As we talk, the Shukrs express hope of bringing their eldest daughter, Alaa, from Jordan to help them with Rand. They say they moved to Canada with the expectation that Alaa would join them quickly.
"Alaa knows everything about Rand and how to care for her," Amal says. "She can help us."
I've brought along an application form to request nurses for home visits, and ask the Shukrs if they know about the program. They glance at the form but it turns out they've already applied, with little success. What's more, they're uncertain whether a stranger could provide the care and commitment for Rand that their older daughter could.
"We were told a nurse could come and help Rand for two to three hours a week. But two hours is nothing! It takes Rand that long just to have a meal," Ahmed says.

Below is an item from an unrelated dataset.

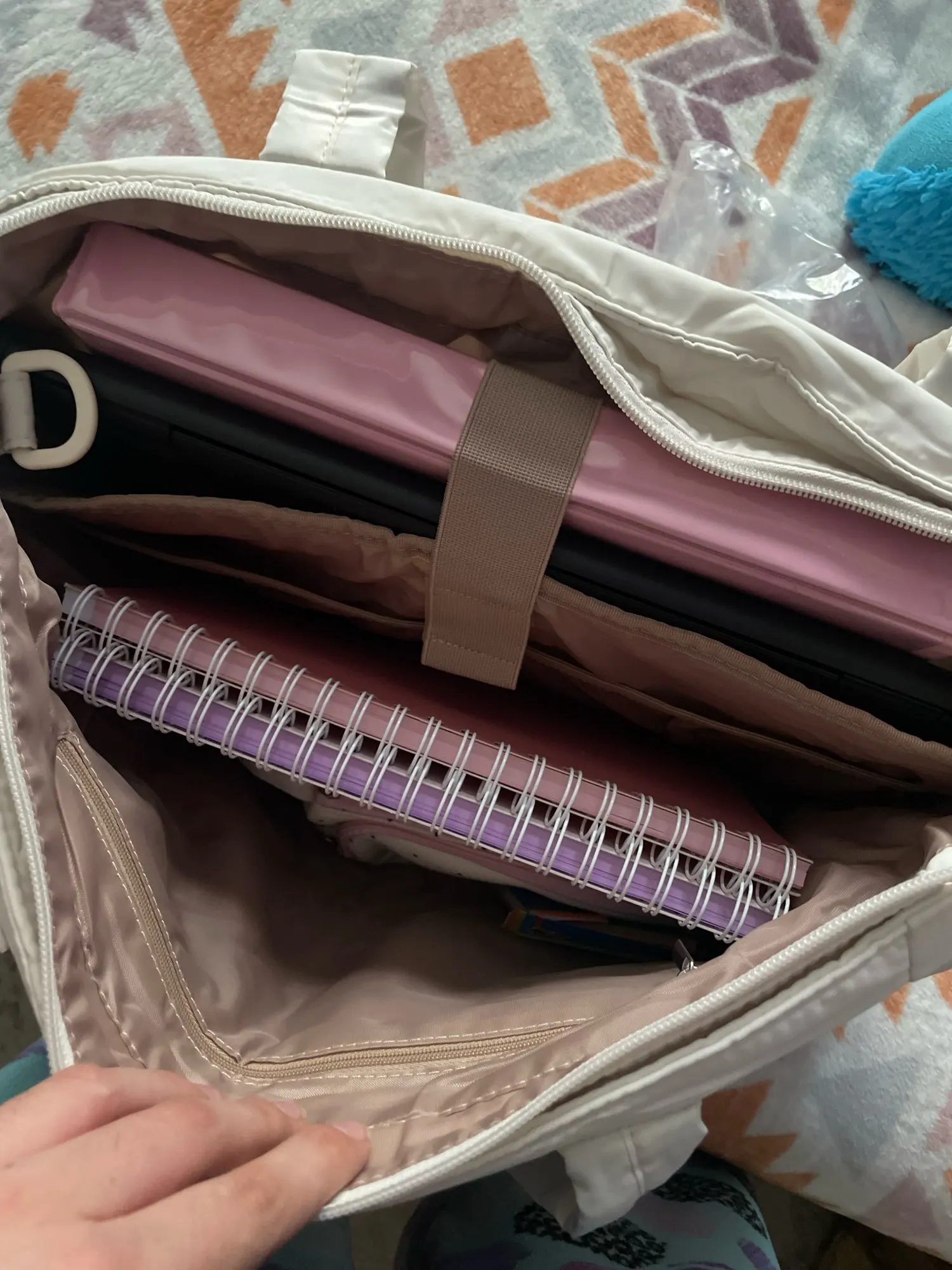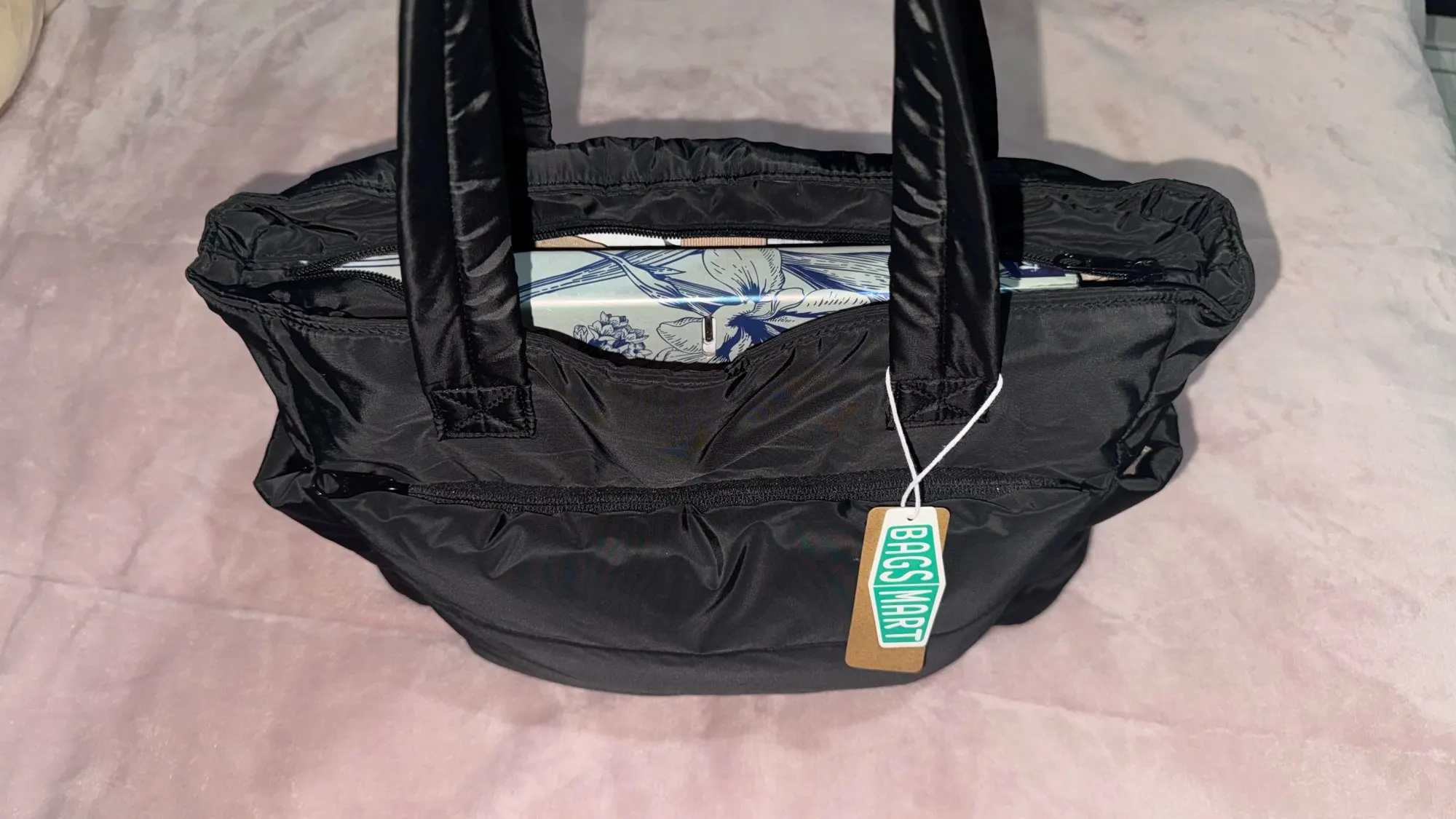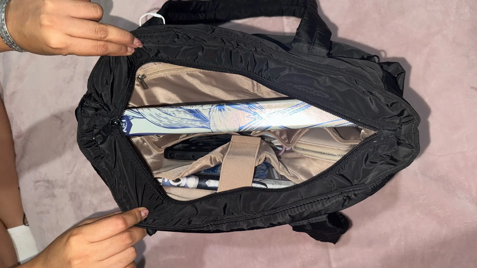 The bag is very beautiful, exactly as in the advertisement. It's quite spacious and fits a lot of things. It perfectly accommodated my laptop. It also comes with a larger strap, but to use that strap, the zipper must be open because it's inside the bag. If the strap were on the outside, it would be better, but it's not a problem for me because I'll only use the smaller strap, which is already very good and comfortable on my shoulder. There are pockets on the outside for bottles, and it fits mine of 1L but I think it can fit even bigger ones. It also has a pocket on the front outside that's super discreet. Anyway, it's very good and met expectations.

The Hurkus family, too, said they wanted to have their daughter join them in Canada, to help share caregiving duties.
The Shukrs are starting to feel hopeless about their future. They're now mulling far-fetched solutions to reunite with Alaa, like traveling to Sudan, which allows refugees to come and stay without a visa. But this solution feels unrealistic, given how difficult it would be for the couple to travel through airports with Rand in a wheeled carriage.
The couple does have a 20-year-old son, who goes to Columbia College in Vancouver and is studying English. They show photos of him posing with a car, and selfies from his phone. But they brush off suggestions that he stay out of class to care for Rand, saying he has his own life.
"We just don't know what to do anymore," Ahmed says. "We traveled to Canada only because the government told us we could be with Alaa in a month. But now it's been nine months already, and no news about when she might come. I don't see a way forward for our future."
Editor's Note: This article is part of a series on Syrian refugees in Canada produced in partnership with United Way of Lower Mainland. National Observer has full editorial control and responsibility to ensure stories meet its editorial standards.